**Required action**: Leaving out all pictures, give again each line exactly, from the start of the listing through the line that contains "Fried chicken. Chicken".
--- Records for this task Enclosed Below ---
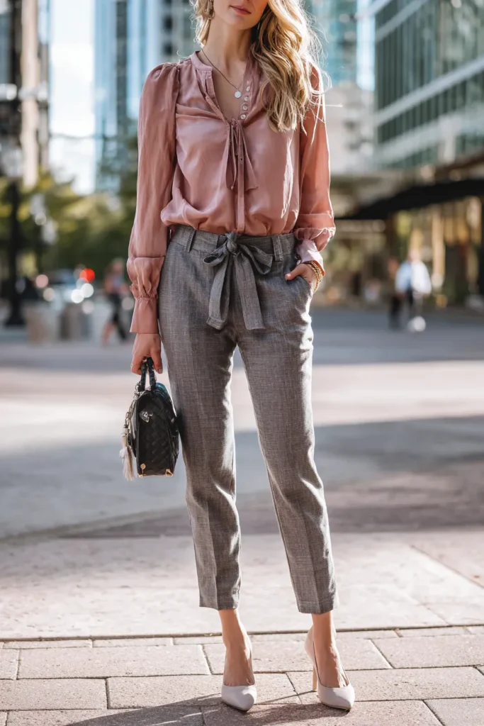 This outfit pairs a silky blush pink blouse with gentle sheen and gathered sleeves with a pair of gray tailored trousers that feature a flattering tie waist. The mix of soft fabric on top and structured fabric on the bottom creates such a polished balance. The look is finished with pale pointed heels and a small black textured handbag that pulls everything together with a touch of sophistication. The whole vibe feels feminine and office ready without feeling stiff.
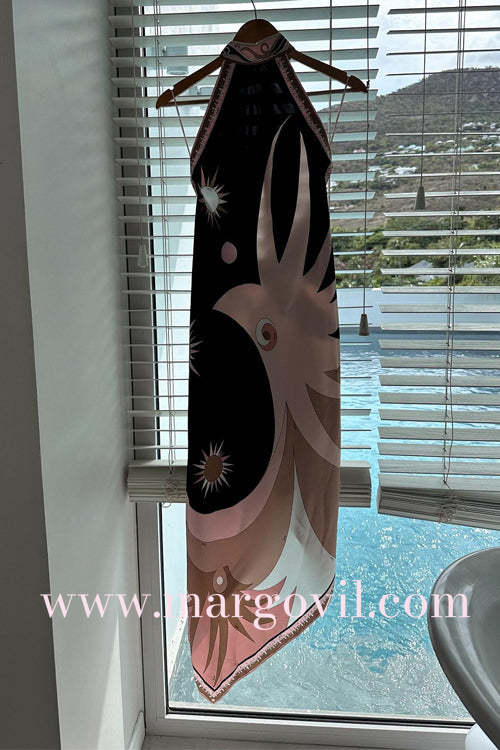 • Make a striking impression with the Margovil halter neck midi dress, crafted from luxurious printed satin. Its open back and asymmetric hem create a unique silhouette that blends elegance with contemporary style. Perfect for special occasions, this dress highlights your confidence and grace.
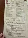 Fried chicken. Chicken fried steak. Sides were great fried green tomatoes. Peach cobbler. Bread pudding!!!!!!!!! Great southern food
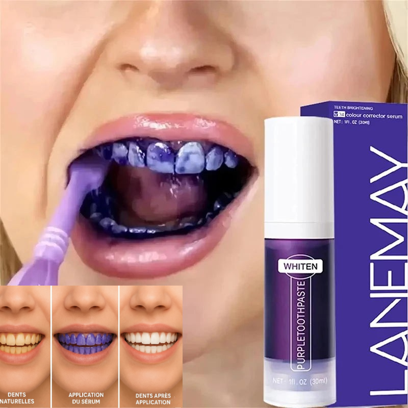 Utilise ton dentifrice habituel, puis applique 1–2 pompes du correcteur violet et brosse 1–2 minutes, rince. En usage quotidien ou en cure quand tes dents jaunissent plus vite (périodes de café/thé). Son format 30 ml est compact et pratique pour le sac ou le bureau : une habitude facile qui fait vraiment la différence sur ton sourire.
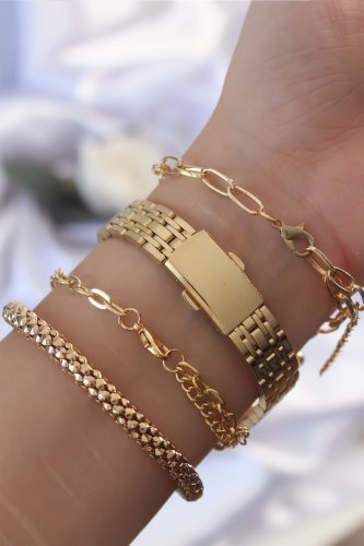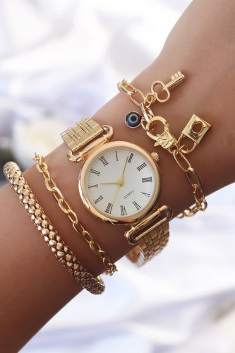 Gold Renk Roma Rakamlı Beyaz Kadran Metal Kordonlu Saat ve Bileklik Kombini
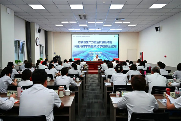 总校长指出,教学质量是学校生存与发展的生命线,课堂教学是教学质量的关键,要以课堂革命为小切口,撬动学校综合改革,并从理念、标准、评价、策略等方面阐述了推动课堂革命的思路与具体举措。总校长强调,全体干部必须凝心聚力,冲锋在前,在提升质量、优化服务、凝聚人心、化解风险、破解难题上下功夫,扎根大地办学、面向未来育人,切实将专业建在区域产业上,全面加强产教融合、校企合作,加快以新质生产力打造职业教育的经营新模式,实现学校更高质量、更高水平的新发展!
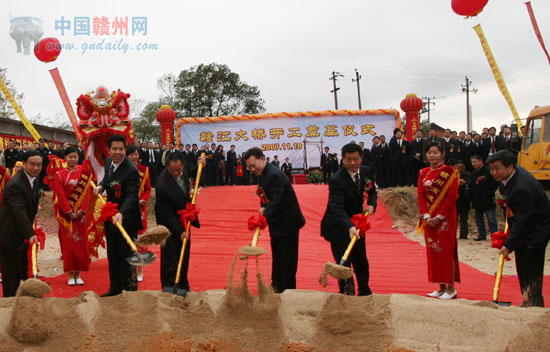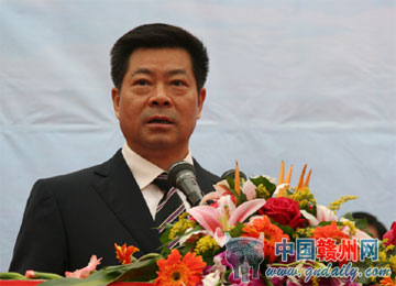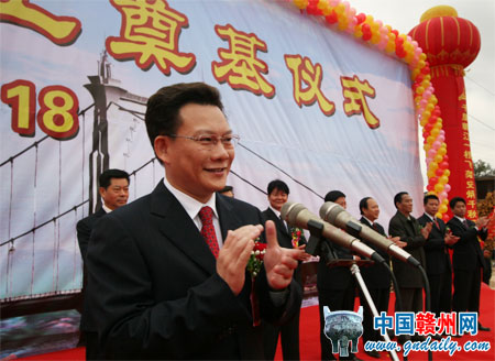 蔡曉明在儀式上致詞。他說,在全市上下認真學習貫徹黨的十七大精神,以更加昂揚的斗志加快贛州改革開放和現(xiàn)代化建設的日子里,我們迎來了期盼已久的贛江源頭第一橋——贛江大橋的正式開工,這是贛州交通建設史上的一件大事、喜事。贛江大橋為城市景觀橋,是贛州主城區(qū)連接水東、水西兩個城市片區(qū),形成贛州中心城區(qū)內(nèi)外連通的外環(huán)快速通道的樞紐工程,也是我市擴大對外開放的窗口工程。贛江大橋的開工建設,是落實市委、市政府“對接長珠閩,建設新贛州”發(fā)展戰(zhàn)略,把贛州建設成為區(qū)域性現(xiàn)代化中心城市的重要舉措,是完善城市交通網(wǎng)絡、形成立體化大交通格局的重要一環(huán),是拉開城市框架、增強集聚輻射能力、提升城市形象、彰顯城市魅力的重要途徑,對我市進一步打造對接平臺,完善城市功能,優(yōu)化發(fā)展環(huán)境,加快中心城區(qū)現(xiàn)代化建設,推進城市化進程,實現(xiàn)贛州經(jīng)濟社會又好又快發(fā)展,必將產(chǎn)生積極而深遠的影響。
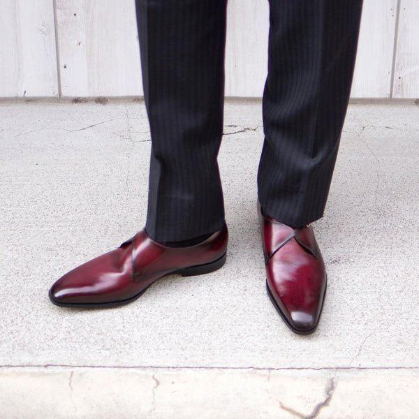 ストラップで固定する構造は、着脱がしやすくフィット感を調整しやすいという実用的な魅力もあります。また、靴ひもがないため甲のラインが美しく見え、足元に洗練された印象を与えてくれるのも特徴です。クラシックな背景を持ちながらも現代的なスタイルにもよく合うモンクストラップは、ドレスシューズの中でも個性と上品さを兼ね備えた一足と言えるでしょう。
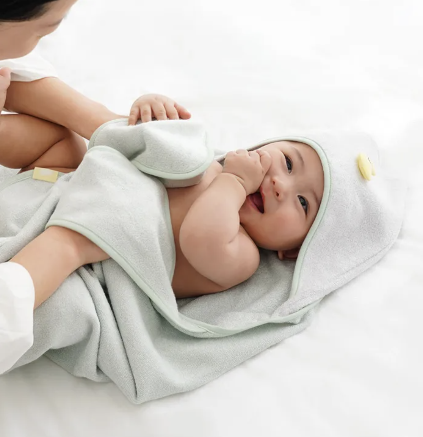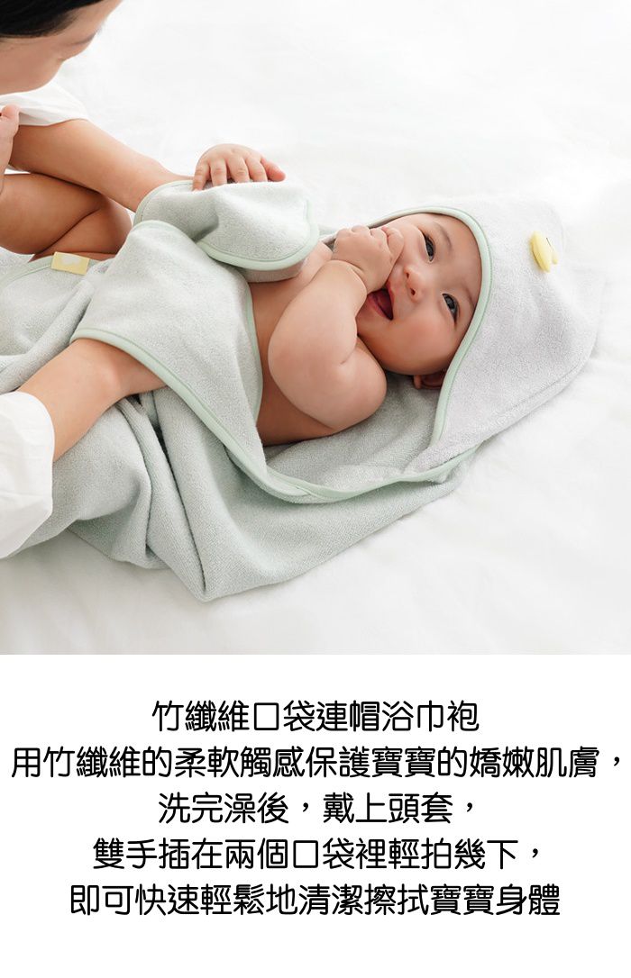 Bamboo-bebe家的浴巾袍實在是太可愛了🥹在幫寶寶洗完澡後,穿上它戴上頭套,雙手插在兩個口袋裡輕拍幾下,就可以輕鬆快速的將寶寶身體擦拭完成!實在是節省洗澡時間的福音啊!
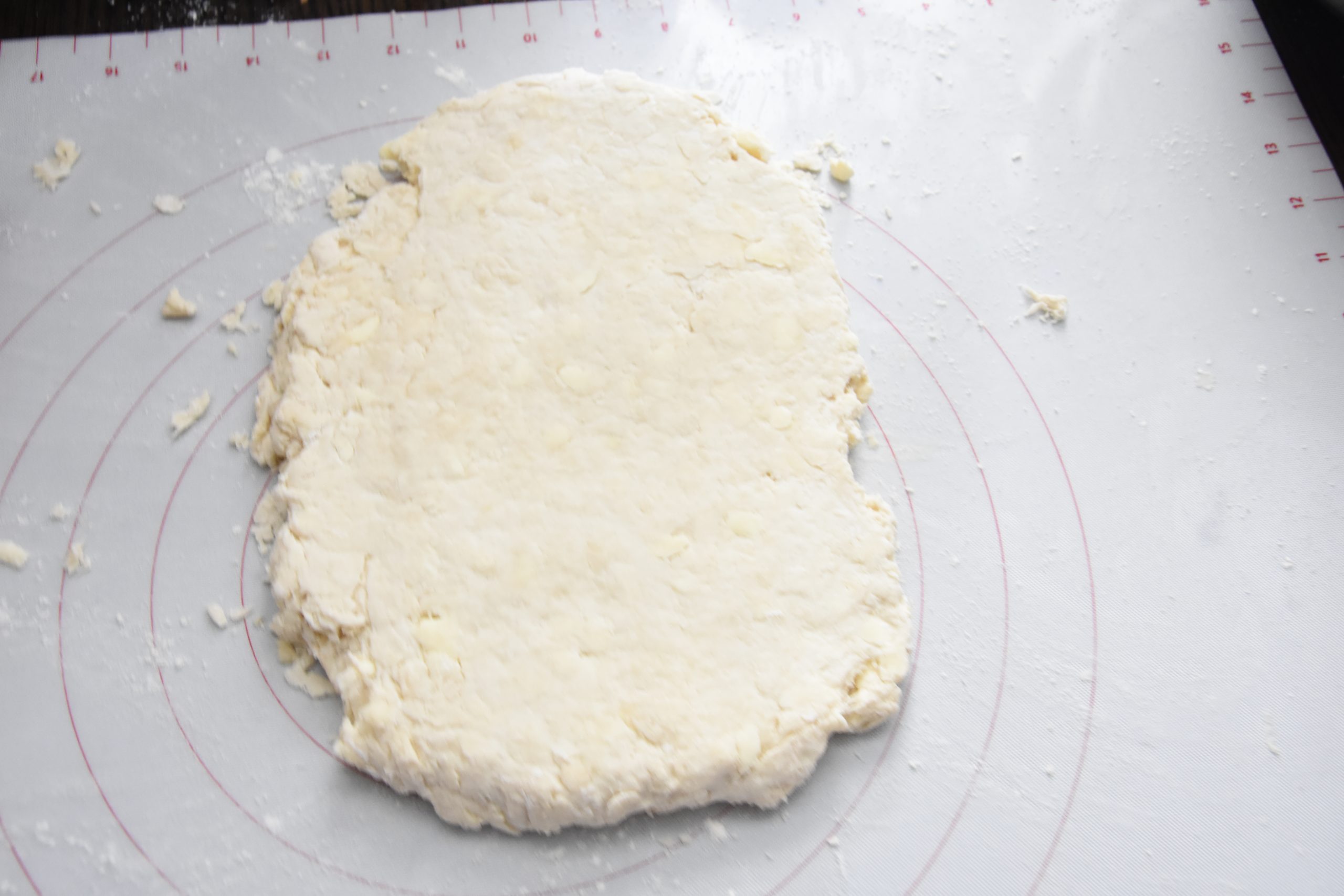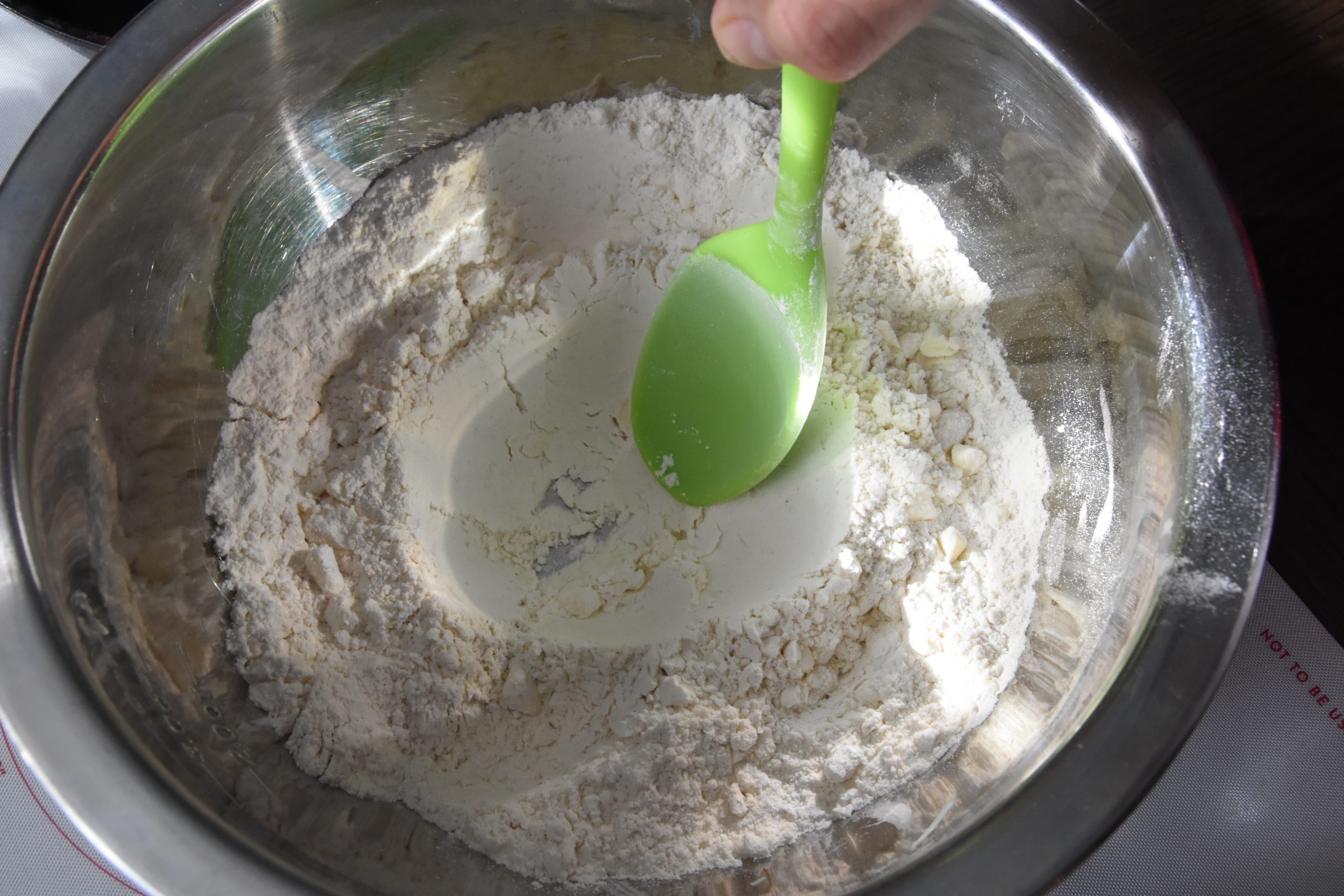 Hint: You can also use a food processor to cut the butter into the dough, which takes less time. Simply combine the flour, baking soda and salt into the food processor and pulse a few times. Then add the butter, cut into cubes, into the flour mixture and pulse again (about 7-10 times) until the mixture is crumbly. The dough should never come together while you're mixing it! It should only come together once you've begun kneading it and folding it.
--- End of Enclosed Records for this task ---
**Exercise answer**:
 This outfit pairs a silky blush pink blouse with gentle sheen and gathered sleeves with a pair of gray tailored trousers that feature a flattering tie waist. The mix of soft fabric on top and structured fabric on the bottom creates such a polished balance. The look is finished with pale pointed heels and a small black textured handbag that pulls everything together with a touch of sophistication. The whole vibe feels feminine and office ready without feeling stiff.
 • Make a striking impression with the Margovil halter neck midi dress, crafted from luxurious printed satin. Its open back and asymmetric hem create a unique silhouette that blends elegance with contemporary style. Perfect for special occasions, this dress highlights your confidence and grace.
 Fried chicken. Chicken fried steak. Sides were great fried green tomatoes. Peach cobbler. Bread pudding!!!!!!!!! Great southern food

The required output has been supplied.